At which point I started to cry, and didn’t really stop until the lights came back on. I don’t think I was audibly sobbing, but it was enough that the woman sitting next to me stopped to ask if I was OK before leaving the theater (whoever you are, thank you). This is not a thing that tends to happen to me. Sure, I’ll tear up at the appropriate moment in a Pixar movie, but something like this–genuine, uncontrollable sorrow at a ¬†work of fiction–isn’t in my vocabulary. I know that there are people who wear their emotional reactions to culture more prominently on their sleeves, but that’s never been my approach. Fun Home seemed to cut through that with remarkable ease.

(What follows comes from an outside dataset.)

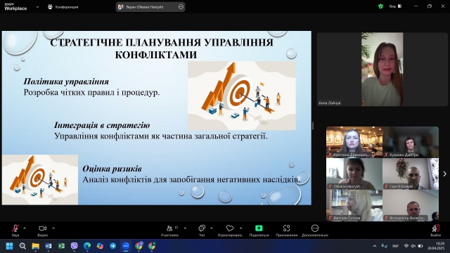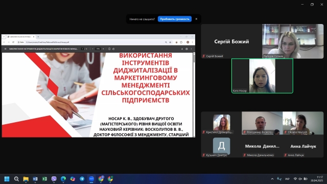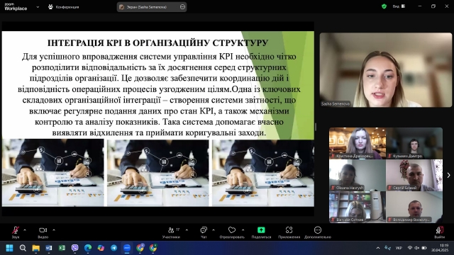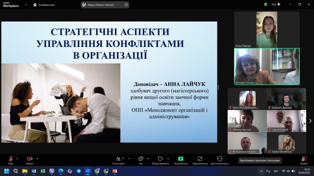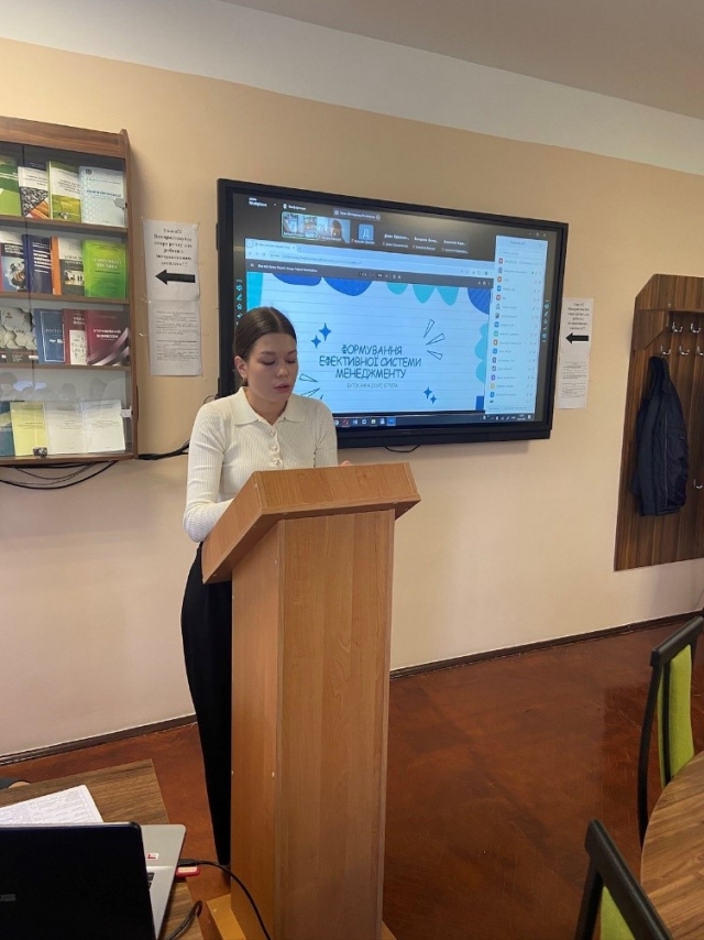 Мужиловська Марія, здобувач першого (бакалаврського) рівня вищої освіти зі спеціальності 073 «Менеджмент», представила доповідь на тему «Сучасні технології управління персоналом», у якій зробила акцент на вивченні особливостей управління персоналом підприємства під впливом різних внутрішніх і зовнішніх умов.

And the thing is, I’m not sure I like it. This is not a criticism of the play, which, once again, is excellent. But I’m not sure I appreciate being made to feel so much at what is, after all, an entertainment. I want the culture I consume to move and affect me, but not necessarily to overwhelm me. I’m not even sure that it’s a point in the play’s favor that I had the reaction I did, since as much as I was moved by the fine writing, acting, and music, the reaction I had probably had as much to do with where I am in my life, the fact that I saw the play just a few weeks after my father’s yahrtzeit, or simply the fact that I wasn’t familiar with the music before seeing it (in comparison, the other musical I saw this week, Hamilton, is one whose soundtrack I’ve known virtually by heart for nearly three years, and as much as I enjoyed getting to see the show it inevitably lacked the immediacy of my first listen). I don’t think how we react to art should rely on whether it manages to press on a particular wound, and whether that wound is particular tender at that moment–I can’t help but feel, in fact, that in reacting the way I did I was almost doing Tesori and Kron a disservice, overlaying my feelings on the story they wanted to tell and the reactions they wanted to elicit.

So I’d like to open this topic to the floor: how do you feel about this? Does art make you cry, and is that something you look for? Do you think that’s something artists should strive for, and if so, does it mean they’ve failed if they haven’t managed to evoke such a personal reaction from each audience member? Have you ever had an experience like mine, and did you appreciate it? Over to you.